Galaxy in the constellation of Boötes

NGC 5641 is a type Sb-barred spiral galaxy in the constellation of Boötes, registered in New General Catalogue (NGC). It is located five degrees east of NGC 5466.

==Observation history==
NGC 5641 was discovered by Édouard Stephan on 4 June 1880. John Louis Emil Dreyer inside the New General Catalogue, described the galaxy as "pretty bright, pretty small, a little extended, much brighter middle, mottled but not resolved?" It was described in Burnham's Celestial Handbook as "pretty bright, pretty small, slightly elongated and much brighter in the middle". Walter Scott Houston also noted that this galaxy was missed by William Herschel.
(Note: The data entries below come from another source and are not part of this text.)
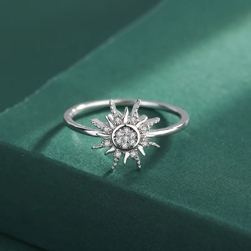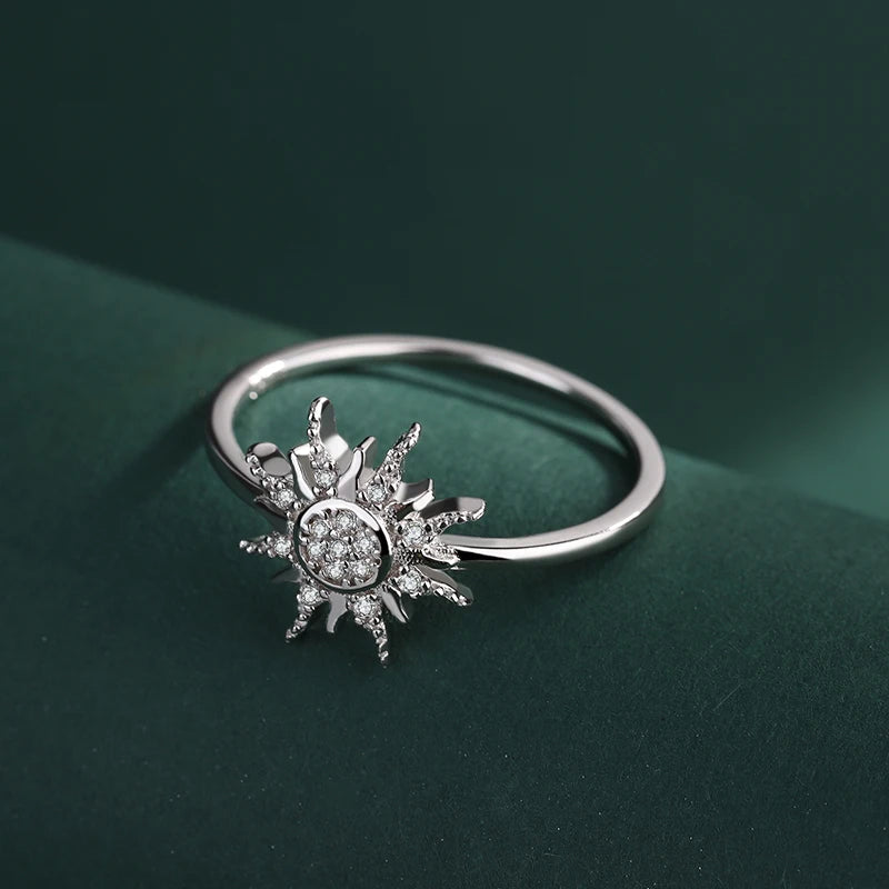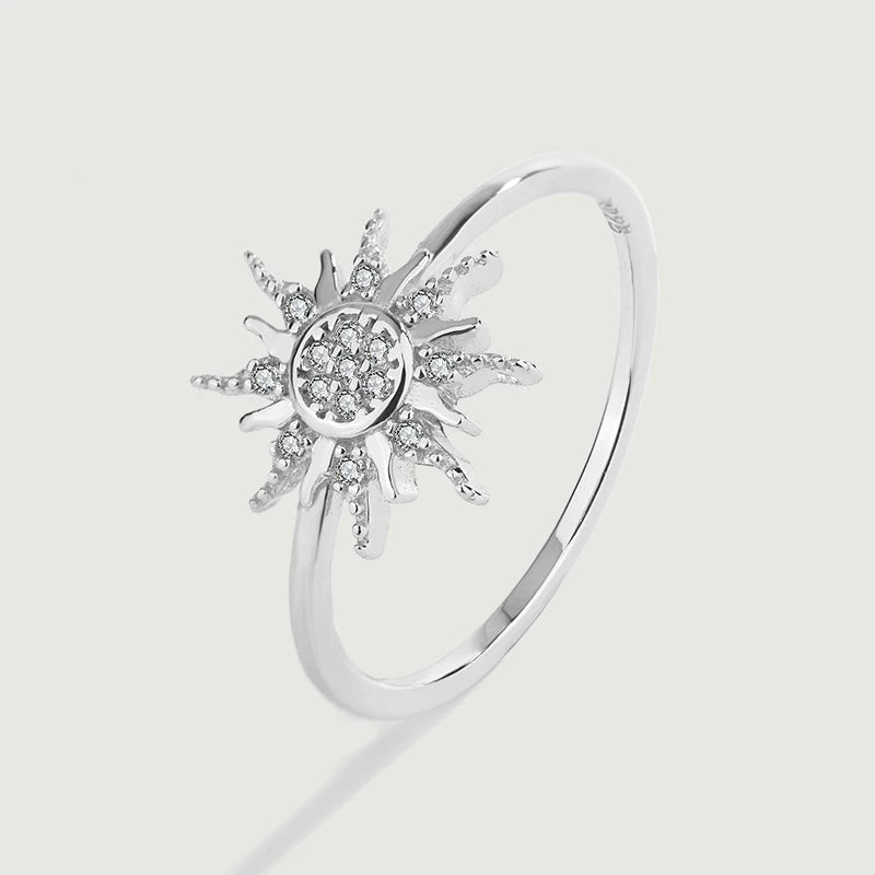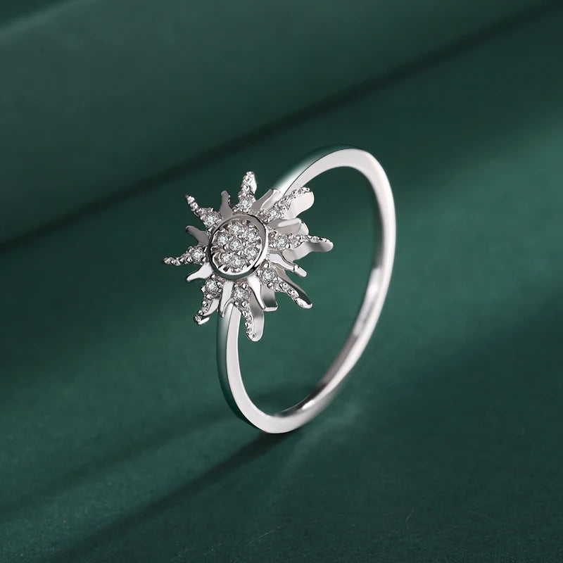 This beautifully crafted sunflower sterling silver ring features a design full of sparkling diamonds. It is a perfect accessory for couples or as a gift for your loved one.
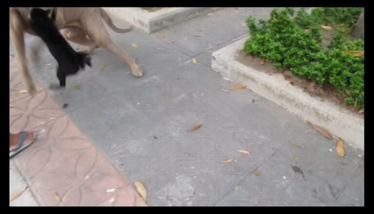En el vídeo se observa como el felino hizo un movimiento veloz para dejar como en el box en “knockout” al canino.
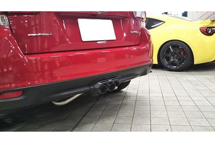 Tail pipe diameter: 70mm. Need to cut rear bumper to install. Comes with needed garnish(with STi ornament), flange bolts, self lock nuts, gasket to install. Can't install with rear bumper panel
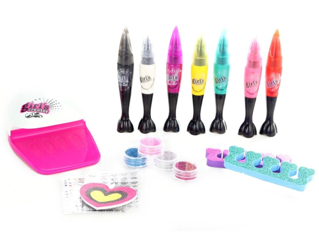 Oboustranné laky a zdobicí nástroje jsou navrženy tak, aby byly snadno ovladatelné – děti zvládnou manikúru samy bez komplikací.
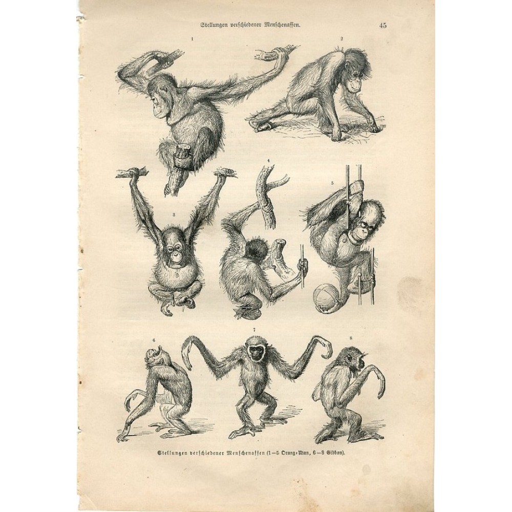 Monkey Ape Orangutan Gibbon - Original 1883 Engraving by A.Brehm. Fliegen und Schneckenblumen. Antique
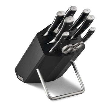 El elegante bloque de cuchillos negro completa este juego. Un verdadero punto de atracción en una cocina moderna o industrial.
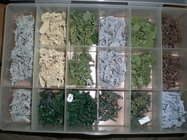 As part of my clear out, the one that led to my getting back into modelling, I consolidated a lot of our soldiers into plastic containers. While I figure out what to do about my vehicles, I have decided to just paint up a whole bunch of the men. They have been lying around for over ten years, so why not!
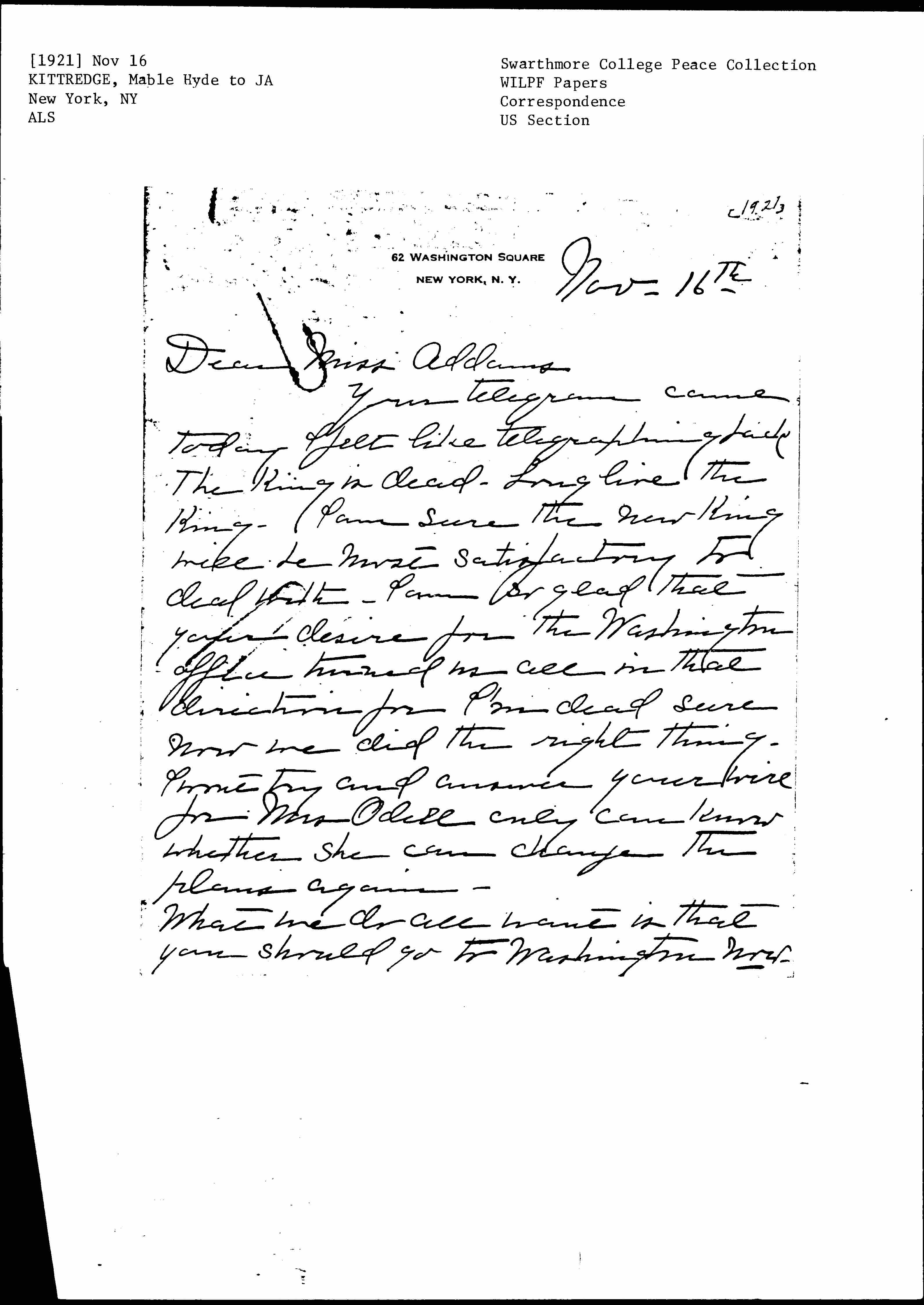 Your telegram came today -- I felt like telegraphing back The King is dead. Long live the King. I am sure the new King will be most satisfactory to deal with. I am so glad that your desire for the Washington office turned us all in that direction for I'm dead sure now we did the right thing. I won't try and answer your wire for Mrs Odell only can know whether she can change the plans again.
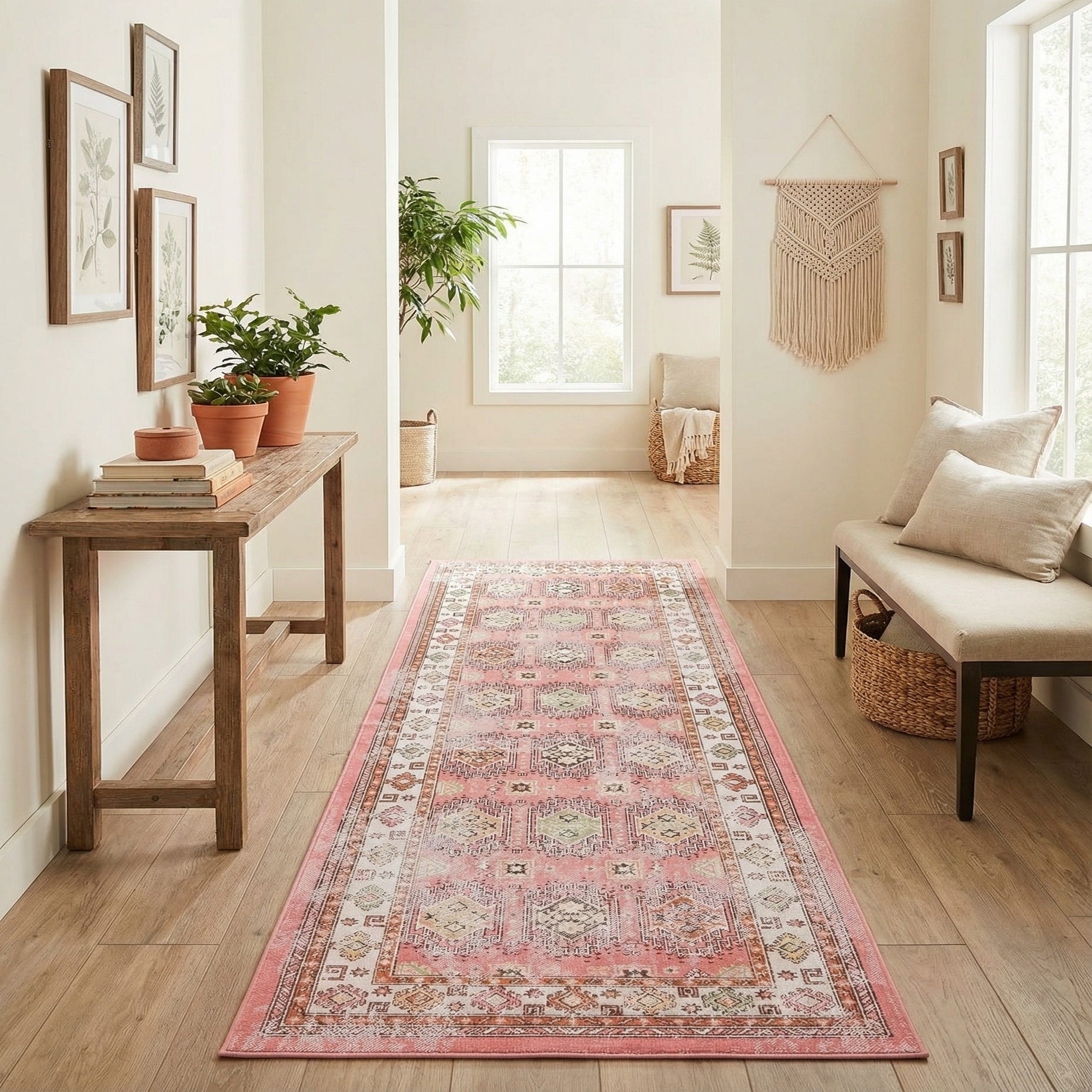 A 10 ft runner rug in shades of pink with a distressed Bohemian and Southwestern tribal pattern, featuring geometric motifs and a decorative border, perfect for a hallway.

He wrote "although NGC 5641 is only 2' long, this should not have been a problem for Herschel observing at 157x."

==NGC 5653 group==
According to A. M. Garcia, NGC 5641 is part of the NGC 5653 group (also known as LGG 383). This group of galaxies has at least 15 members, including NGC 5629, NGC 5635, NGC 5639, NGC 5642, NGC 5653, NGC 5659, NGC 5657, NGC 5672, NGC 5703, NGC 5735, IC 4397, UGC 9253, UGC 9268, and UGC 9302.